MacForCon c'est pas mal non plus


----------



## PATOCHMAN (28 Septembre 2005)

Malow a dit:
			
		

> Si avec tout ça il n'arrive pas à trouver un nom...je comprends pas



C'est vrai... on n'a pas été plus cons que lors d'un vrai brain storming...


----------



## semac (28 Septembre 2005)

PATOCHMAN a dit:
			
		

> C'est vrai... on n'a pas été plus cons que lors d'un vrai brain storming...


ouuuai mais y'avait pas de coque... :rose:


----------



## PATOCHMAN (28 Septembre 2005)

semac a dit:
			
		

> ouuuai mais y'avait pas de coque... :rose:



Attention!!!! La scharthe!!!


----------



## mog (28 Septembre 2005)

MacEuro (attention à la loi anti-proxénétisme...)
Mac in touch
...


----------



## Malow (28 Septembre 2005)

Picouto a dit:
			
		

> Et tout bêtement MacInTosh
> 
> avec ça comme enseigne



Il y aurait comme une confusion dans les produits vendus


----------



## enzomolina (28 Septembre 2005)

_ MrStone a dit :

"il faudrait peut-être quelque chose qui soit assez polyvalent pour englober tout ça, avec une notion de services...
Et si il vise une clientèle locale, il peut aussi utiliser la topographie des alentours pour se faire connaître (et reconnaître) par les gars du coin...
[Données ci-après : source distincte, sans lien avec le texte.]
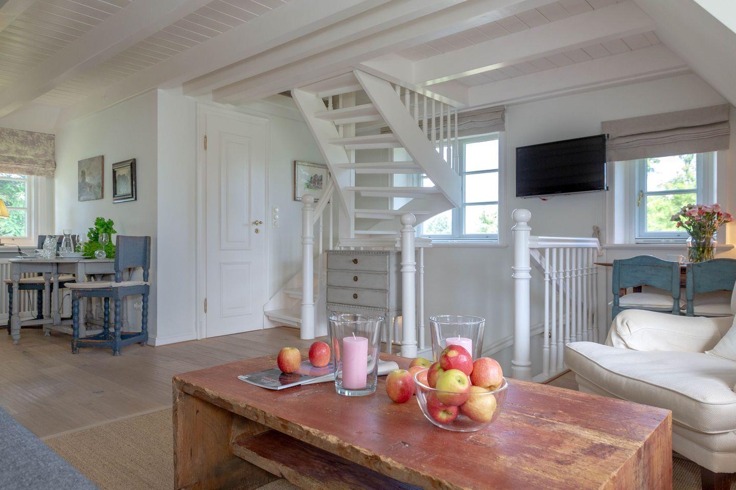 Stilvolle Galeriewohnung mit Terrasse und Strandkorb in Kampen, ideal zum Wohlfühlen und Entspannen.

Ah, j'oubliais, un nom uqi commence par "01" ou par "A" c'est pratique pour se trouver en tête de liste 

Quant à l'utilité du mot 'mac' dedans, du moment que le logo est sur la vitrine...
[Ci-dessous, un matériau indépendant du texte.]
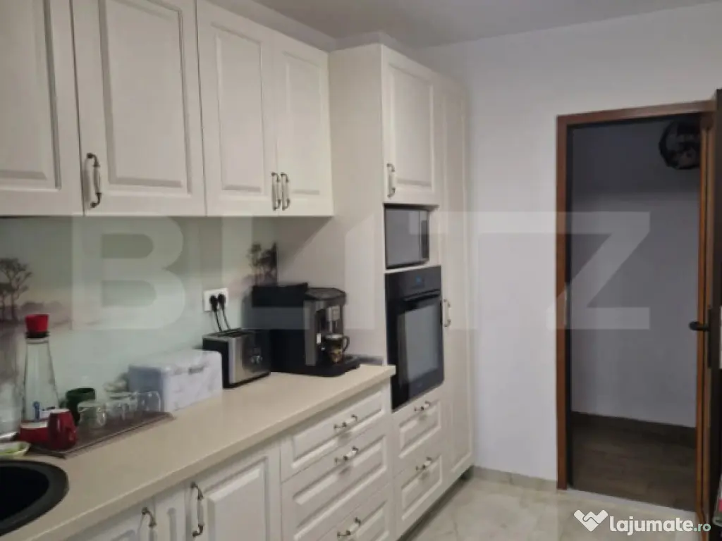 Blitz vă propune spre vanzare un apartament ideal pentru familie sau investiție, situat într-o zonă liniștită și bine conectată – Baba Dochia. Proprietatea se află la etajul 3 din 4 într-un bloc solid, curat și bine întreținut, oferind toate avantajele confortului urban. Suprafață utilă: 86 mp -4 camere decomandate una dintre ele fiind dressing sau birou -2 balcoane închise a cate 6 mp -2 băi Complet renovat: instalația electrică și cea sanitară sunt noi, schimbate integral. Încălzire prin centrală termică proprie pe gaz, cu instalație de cupru și calorifere. Camerele detin rulouri exterioare, iar balcoanele au rulouri exterioare electrice. Se vinde mobilat si utilat cu mult bun gust si atent la detalii. Apartamentul detine si 1 boxa la subsol – perfecta pentru depozitare Localizare excelentă: Zona Baba Dochia este cunoscută pentru accesibilitatea facilă, liniște și apropierea de școli, magazine, stații de transport public și alte facilități esențiale Avantaje-cheie: -Apartament luminos, bine compartimentat -Instalații complet înlocuite -Spații de depozitare generoase -Gata de mutat Nu rata ocazia de a achiziționa un apartament complet renovat, cu multiple facilități incluse! Contactează-mă pentru detalii suplimentare sau programarea unei vizionări. Cod ofertă / ID BLITZ: P163546 Id intern: P163546 Confort: 1 Tip imobil: Bloc de apartamente Număr Băi: 2

Enfin moi j'dis ça...  " _ 



ENTIEREMENT D'ACCORD AVEC TOI !!!


----------



## sonnyboy (28 Septembre 2005)

J'imagine que MAC EKETT quelqu'un l'a dit ?

TOUCHMAC

MAC RAME

MAC ORTASSITE

MAC ROAMONFUTAL

MAC CRO
   

Voilà poiur ma modeste (trés modeste...) contribution.

Au plaisir !


----------



## semac (28 Septembre 2005)

enzomolina a dit:
			
		

> _ MrStone a dit :
> 
> "il faudrait peut-être quelque chose qui soit assez polyvalent pour englober tout ça, avec une notion de services...
> Et si il vise une clientèle locale, il peut aussi utiliser la topographie des alentours pour se faire connaître (et reconnaître) par les gars du coin...
> ...



pas moi, je ne suis pas d'accord avec ça !
l'histoire du 01 ou a c'est totalemet illusoire de croire que ça va te rapporter plus de contact, crois moi
ce n'est pas parceque le logo sera sur ta vitrine que tout devient claire, lorsque tu feras des mailing sur le net, sur les pages jaunes...
et puis il est illusoir de vouloir trouver un nom qui exprime tout ce que tu fais, l'important est qu'il soit impactant donc qu'il accroche l'intérêt, une bonne base line qui l'accompagne et c'est gagné !


----------



## MrStone (28 Septembre 2005)

semac a dit:
			
		

> pas moi, je ne suis pas d'accord avec ça !
> l'histoire du 01 ou a c'est totalemet illusoire de croire que ça va te rapporter plus de contact, crois moi
> ce n'est pas parceque le logo sera sur ta vitrine que tout devient claire, lorsque tu feras des mailing sur le net, sur les pages jaunes...
> et puis il est illusoir de vouloir trouver un nom qui exprime tout ce que tu fais, l'important est qu'il soit impactant donc qu'il accroche l'intérêt, une bonne base line qui l'accompagne et c'est gagné !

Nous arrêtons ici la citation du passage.